Pinging @sjperkins, as these are opened inside the FitsBeamSourceProvider.

sjperkins commented 4 years ago

It seems that many FitsBeamSourceProvider's are created. Is this strictly necessary? If not, FitsBeamSourceProvider has a close() method:

https://github.com/ska-sa/montblanc/blob/master/montblanc/impl/rime/tensorflow/sources/fits_beam_source_provider.py#L408-L414

which can be called explicitly to close the associated files.

sjperkins commented 4 years ago

It might be worth explicitly calling close() on other SourceProviders too.

o-smirnov commented 4 years ago

We create it here: https://github.com/ratt-ru/CubiCal/blob/master/cubical/data_handler/ms_tile.py#L277, but never destroy it. I think this means there's one kept per every tile (and we don't destroy the tile objects...)

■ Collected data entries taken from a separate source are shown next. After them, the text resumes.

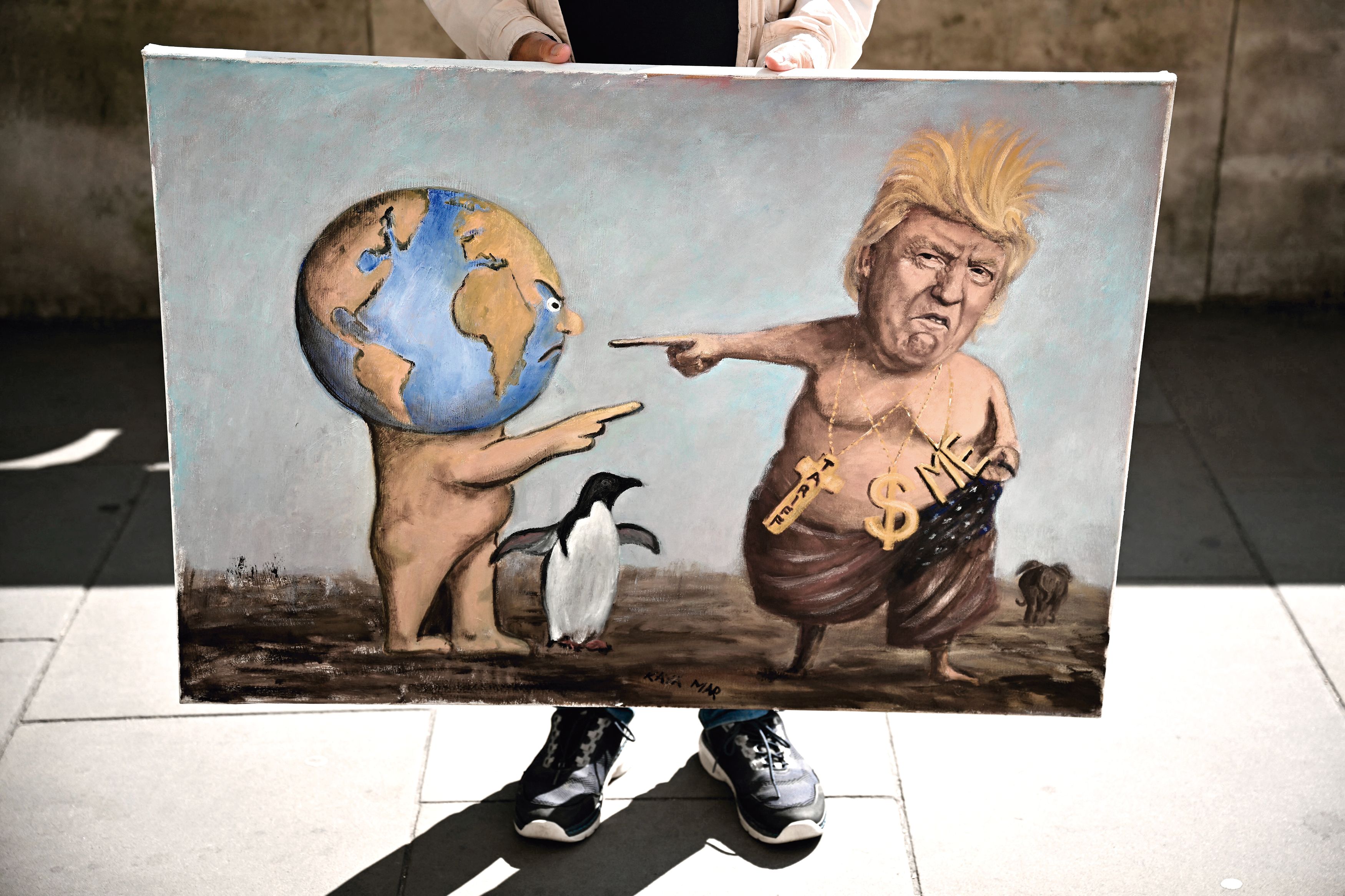 El artista visual Kaya Mar con su pintura afuera de Downing Street, en el centro de Londres, el 30 de abril.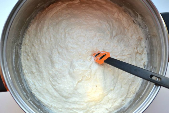 К опаре добавить соль, молоко с дрожжами, взбитые желтки с сахаром. Все перемешать. Добавить муку с маслом и взбитые белки. Перемешать.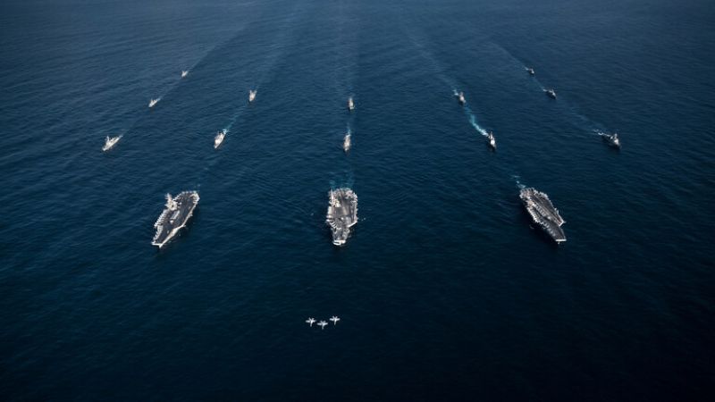 أعلنت البحرية الأمريكية عن القيام بعمليات تدريب وتنسيق مزدوجة، اليوم الثلاثاء، في بحر الصين الجنوبي، بين سفن وطائرات مجموعتين من حاملات الطائرات.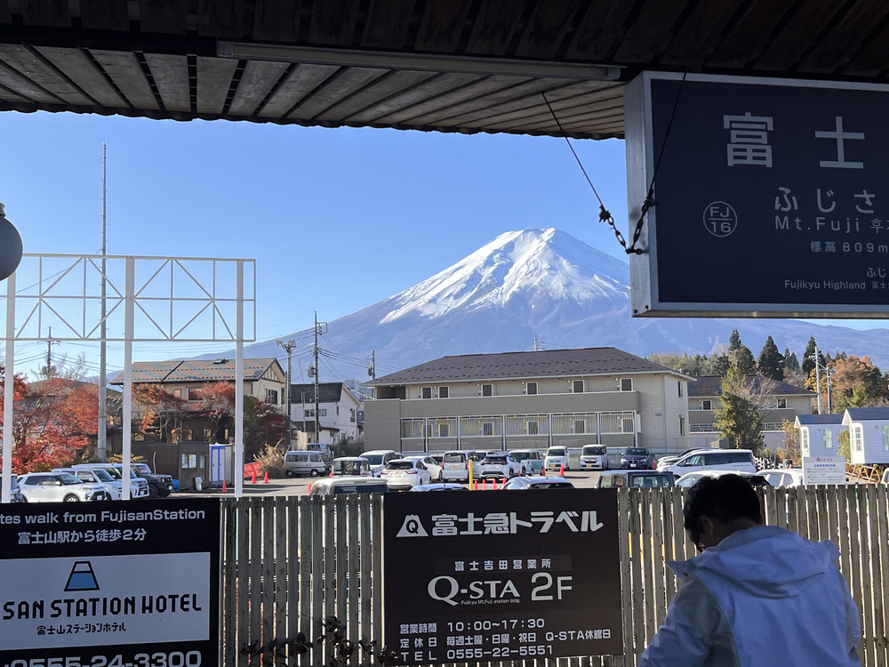 列車一路向西,在離開八王子市後,遠方冠雪的富士山便開始若隱若現,遊客也爭相將手機伸到窗邊拍照。在大月站後,列車轉向南行駛,在通過山谷地,抵達谷口的富士吉田市時,富士山也直接映入大家的眼簾。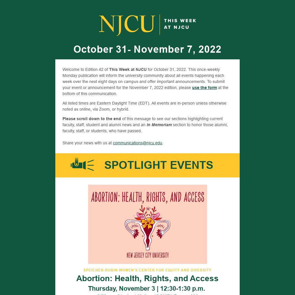 Welcome to Edition 42 of This Week at NJCU for October 31, 2022. This once-weekly Monday publication will inform the university community about all events happening each week over the next eight days on campus and offer important announcements. To submit your event or announcement for the November 7, 2022 edition, please use the form at the bottom of this communication.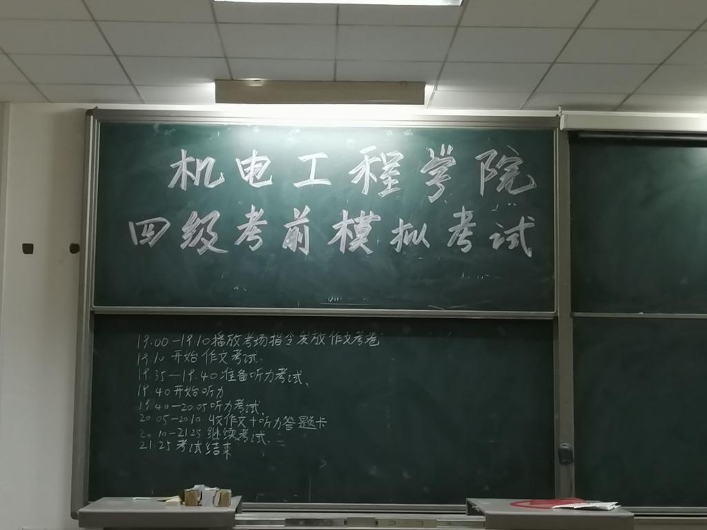 本次模拟考试前期准备周密完备,严格按照全国大学生英语四级考试流程进行。相关人员提前到达指定位置集合,安排考试各项事务。18:30考生开始陆续入场,认真准备考试用品,调整考试心态,体现出考生们对于本次模拟考试的重视。19:10考试正式开始,考试期间考生们都能够严格遵守考场纪律、认真答题,体现了机电学子认真、严谨的学习态度,彰显了成人短剧
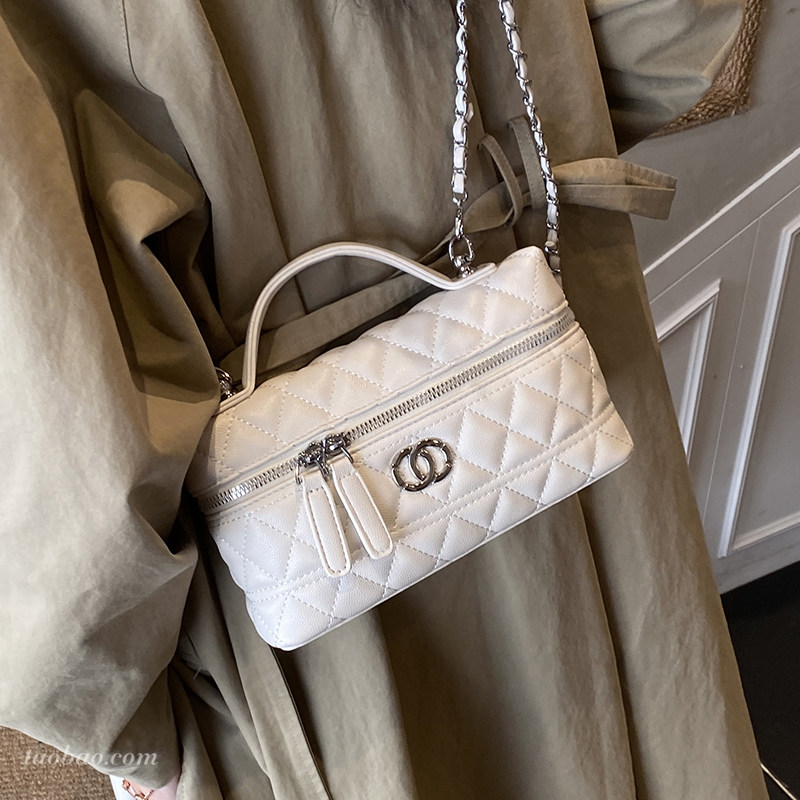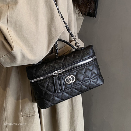 小众设计黑色盒子包女2025新款小香风菱格链条包手提小包包25bag

So yeah, we clearly need to close() it in MSTile.save().

Do we need to create multiple ones though, or can we reuse the same one? I think we can...

sjperkins commented 4 years ago

We create it here: https://github.com/ratt-ru/CubiCal/blob/master/cubical/data_handler/ms_tile.py#L277, but never destroy it. I think this means there's one kept per every tile (and we don't destroy the tile objects...)

So yeah, we clearly need to close() it in MSTile.save().

Do we need to create multiple ones though, or can we reuse the same one? I think we can...

Yes it can.

o-smirnov commented 4 years ago

Yep, it doesn't look to depend on anything in the tile per se. So it can be a singleton. I have renamed the issue accordingly.

The other providers do rely on tile-specific data. But they should still be closed after the tile has been processed.

JSKenyon commented 4 years ago

Closed via #402.